- Born: Jacobus Jan Boomsma 1951 (age 73–74)

Academic background
- Education: Vrije Universiteit Amsterdam (MSc, PhD)

Academic work
- Discipline: Biology
- Sub-discipline: Evolutionary biology
- Institutions: University of Copenhagen

= Jacobus Boomsma =

Dutch evolutionary biologist

Jacobus Jan "Koos" Boomsma (born 1951) is a Dutch evolutionary biologist who studies social evolution and the evolution of mating systems.

== Education ==
Boomsma obtained an MSc and PhD degree in biology in 1976 and 1982 at the Vrije Universiteit Amsterdam.

== Career ==
Boomsma directs the Centre of Social Evolution and works as a professor of biology at the University of Copenhagen.
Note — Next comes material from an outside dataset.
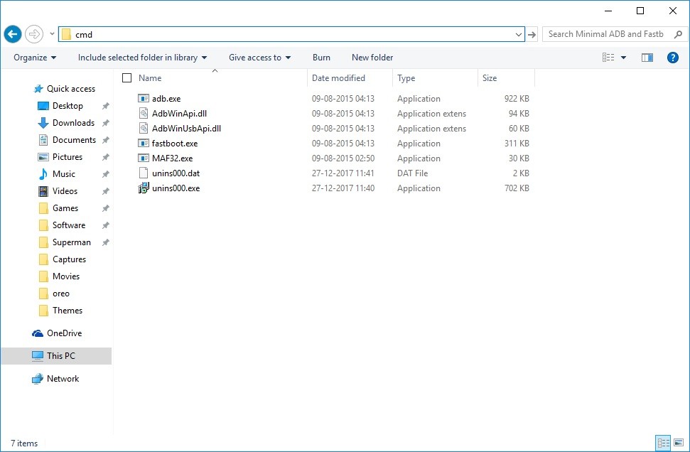 2. Kết nối điện thoại của bạn với PC bằng cáp USB, và sau đó khởi động ADB. Trên Windows, bạn có thể thực hiện điều này bằng cách chuyển đến thư mục adb và nhập cmd vào thanh địa chỉ. Trên Linux hoặc Mac, bạn chỉ có thể khởi chạy cửa sổ Terminal.

He had done important work on ants of the genus Atta. He is known most recently for the monogamy hypothesis, which states that strict lifetime monogamy enabled the evolution of eusociality in the Hymenoptera (bees, ants, wasps, etc.). He has also lent influential contributions to the fields of mutualisms and sexual conflict and heads research programmes in evolutionary medicine, invasive social syndromes and fungal agriculture. He is a research associate at the Smithsonian Tropical Research Institute in Panama.